Our View: 2020 could get even worse

If, as New York attorney and politician Gideon John Tucker wrote,”no man’s life, liberty or property are safe while the Legislature is in session,” then Florida residents can breathe a sigh of relief: On May 4, the 2019 legislative session ended.

It’s good news on a larger scale as well: There will be no further assaults on local governments’ home-rule powers … until next year.

But make no mistake—they are coming.

Local governments are granted broad powers under the Florida Constitution and by statute. The Municipal Home Rule Powers Act, adopted in 1973, says this about cities:

“The provisions of this section shall be so construed as to secure for municipalities the broad exercise of home rule powers granted by the constitution. It is the further intent of the Legislature to extend to municipalities the exercise of powers for municipal governmental, corporate, or proprietary purposes not expressly prohibited by the constitution, general or special law, or county charter and to remove any limitations, judicially imposed or otherwise, on the exercise of home rule powers other than those so expressly prohibited.”

That’s a lovely sentiment but the reality for local governments, particularly over the last several years, has been the exploitation by the Legislature of “not expressly prohibited” to expressly limit, if not prohibit, local regulation of, among other things:

• guns

• fertilizer use

• ride-sharing services

• medical marijuana dispensaries

• the minimum wage

• smoking on beaches

There are bills in front of Gov.
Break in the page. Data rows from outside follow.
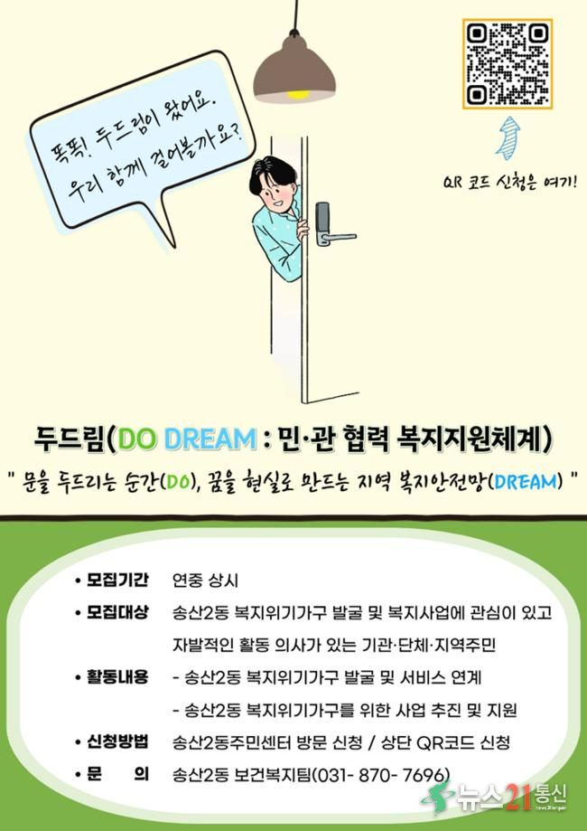 의정부시 송산2동주민센터(동장 황보경)는 복지 사각지대 해소와 촘촘한 지역복지 안전망 구축을 위해 2026년 새롭게 도입하는 ‘두드림(DO DREAM: 민관 협력 복지지원체계)’의 참여 주체를 모집한다고 밝혔다.이번 모집은 지역 내 공공과 민간이 협력해 위기가구를 조기에 발굴하고 맞춤형 복지서비스를 함께 추진하기 위한 민관 공동..
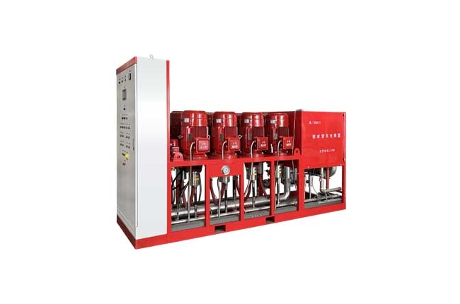 细水雾灭火装置由高压细水雾专用储水箱、细水雾灭火装置泵组单元(包括高压主泵、高压备泵、稳压泵、泵组单元控制柜、进水电磁阀、
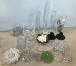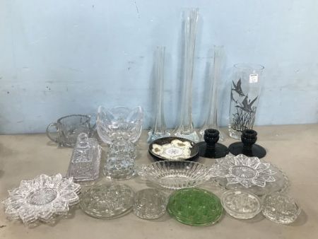 Glass flutes, butter dish, plates, frogger glass, black glass candle holders, and hand painted saucer, silver inlay geese glass vase. Glass flutes, butter dish, plates, frogger glass, black glass candle holders, and hand painted saucer, silver inlay geese glass vase.
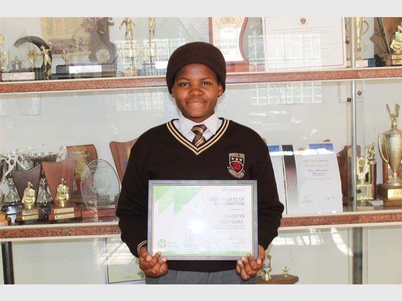 The 16-year-old Nasiphi Dephana from Minerva Secondary School in Alexandra took third place at this year’s Bokamoso creative essay writing competition which recently held in Johannesburg.
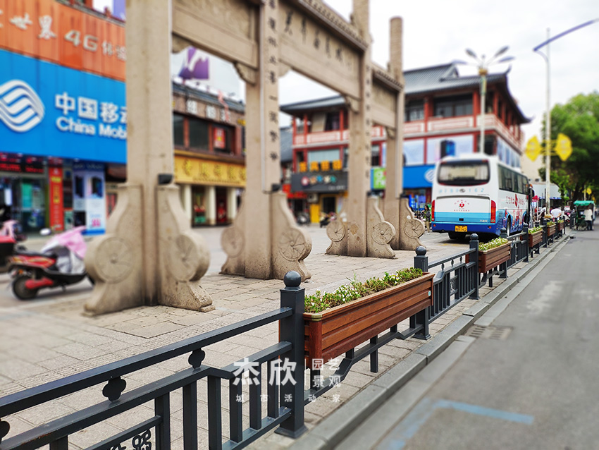 花箱護欄不僅起隔離綠化作用,更與步行街融為一體,增添美感。
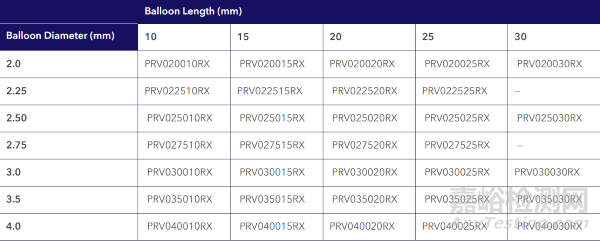 Prevail™ 紫杉醇涂層PTCA球囊導(dǎo)管為復(fù)雜冠狀動(dòng)脈病變的治療提供了可靠的解決方案,助力醫(yī)生在經(jīng)皮冠狀動(dòng)脈介入治療中實(shí)現(xiàn)更精準(zhǔn)、更有效的操作。具體產(chǎn)品型號(hào)如下圖:

Ron DeSantis to add front-yard gardens, tree-trimming permits and cellphone towers to the list.

He’s likely to sign them, as well as a bill that conditions a county’s power to require a developer to include affordable housing in a project on providing “incentives to fully offset all costs to the developer of its affordable housing contribution.”

Bills to pre-empt local regulation of vacation rentals, plastic bags, red-light cameras, sunscreen and nicotine products failed this year, or the list would be even longer. Surely these subjects will be reintroduced for 2020.

A couple of rationales are typically used to justify placing regulatory power in Tallahassee rather than at the local level.

One is the need for uniformity of regulations and the other is the allegedly greater susceptibility of a five- or seven-member county commission or city council to special interests than the state’s 160 legislators and the governor.

We’ll concede that there’s a benefit to uniformity. But we also see one to allowing a local government, which is closer to its constituents, to set a higher standard to better serve their needs.

It seems almost like a free-market principle. If a more-restrictive local law doesn’t work or has unintended consequences, it will get changed. If it does work, it might become a model for other governments.

We don’t buy the special interest argument, though—not that special interests aren’t a factor locally, just that legislators who have re-election as a constant thought are equally if not more receptive to the influence of lobbyists and donors.

Are we actually supposed to believe that special interests aren’t behind the effort to concentrate power in the capital?

Now, we’re not taking a stance for or against the regulation of any of these items. What we’re in favor of is the Legislature abandoning the hypocrisy of complaining about being told what to do by Washington, D.C., and then subjecting its counties and cities to the same treatment.

As election season heats up, ask state House and Senate candidates what they think about pre-emption and factor what they say into your vote.

Because reversing this usurpation of power takes place, appropriately enough, on the local level.